E secondo lo studio, caratteristiche come la parte inferiore delle gambe più lunga e le articolazioni più grandi suggeriscono che gli antenati degli esseri umani correvano lunghe distanze almeno 1,8 milioni di anni fa.
La teoria della corsa di resistenza, proposta per la prima volta più di 40 anni fa, presuppone che gli esseri umani abbiano sviluppato queste caratteristiche uniche come vantaggio per la caccia alle prede.
Gli scettici hanno affermato che correre avrebbe consumato molte più energie che semplicemente camminare dietro alla preda.

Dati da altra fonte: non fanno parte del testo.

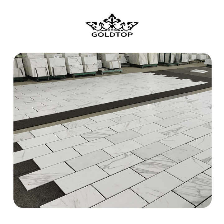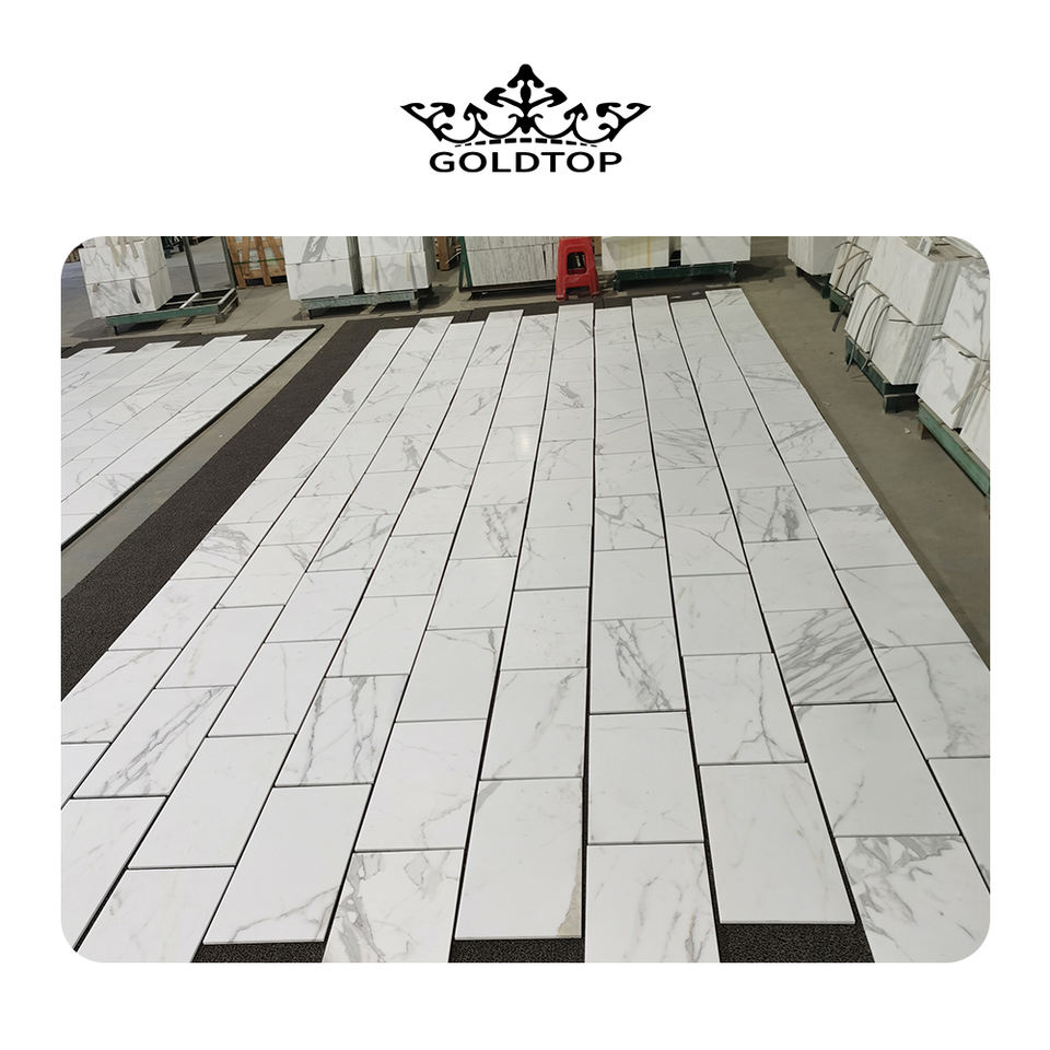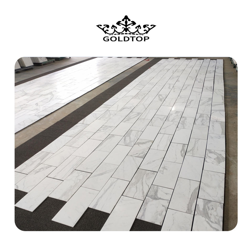 Calacatta หินอ่อนสีขาวสไตล์อิตาลีแผ่นผนังตกแต่งโรงแรมกระเบื้องหินธรรมชาติกระเบื้องปูพื้นหินอ่อนภายใน

Morin riconosce che la corsa consuma più energia, ma afferma che questo costo è in gran parte compensato dalla quantità di tempo risparmiato.
I ricercatori hanno utilizzato modelli per dimostrare che l'energia acquisita dalla carne delle prede inseguite con successo superava quella spesa durante la corsa.
I ricercatori hanno cercato esempi di corsa di resistenza in un database che ha raccolto oltre 8.000 resoconti di caccia recentemente digitalizzati risalenti al XV secolo.
Hanno trovato quasi 400 esempi provenienti da 272 luoghi in tutto il mondo, dall'Artico al Cile, dall'Africa all'Oceania.
In un testo risalente al 1850, i nativi americani parlavano dei loro antenati che cacciavano gli alci investendoli mentre indossavano le racchette da neve.
"I nostri giovani erano forti a quei tempi", dice il testo. "Ora i nostri giovani sono... pigri e deboli", aggiunge.
In un altro testo, risalente agli inizi del 1500, il popolo di Coahuiltecan parlava di inseguire cervi e alci in quella che oggi è la California.
"Ciò, ovviamente, non significa che li abbiano superati, ma che in un inseguimento incessante abbiano logorato la resistenza del gioco", si legge nel testo.
Morin afferma che queste storie sono state trascurate perché quando la ricerca etnografica iniziò a "diventare professionale" nel 1800, l'avvento delle armi da fuoco fece sì che la caccia persistente fosse in gran parte una cosa del passato.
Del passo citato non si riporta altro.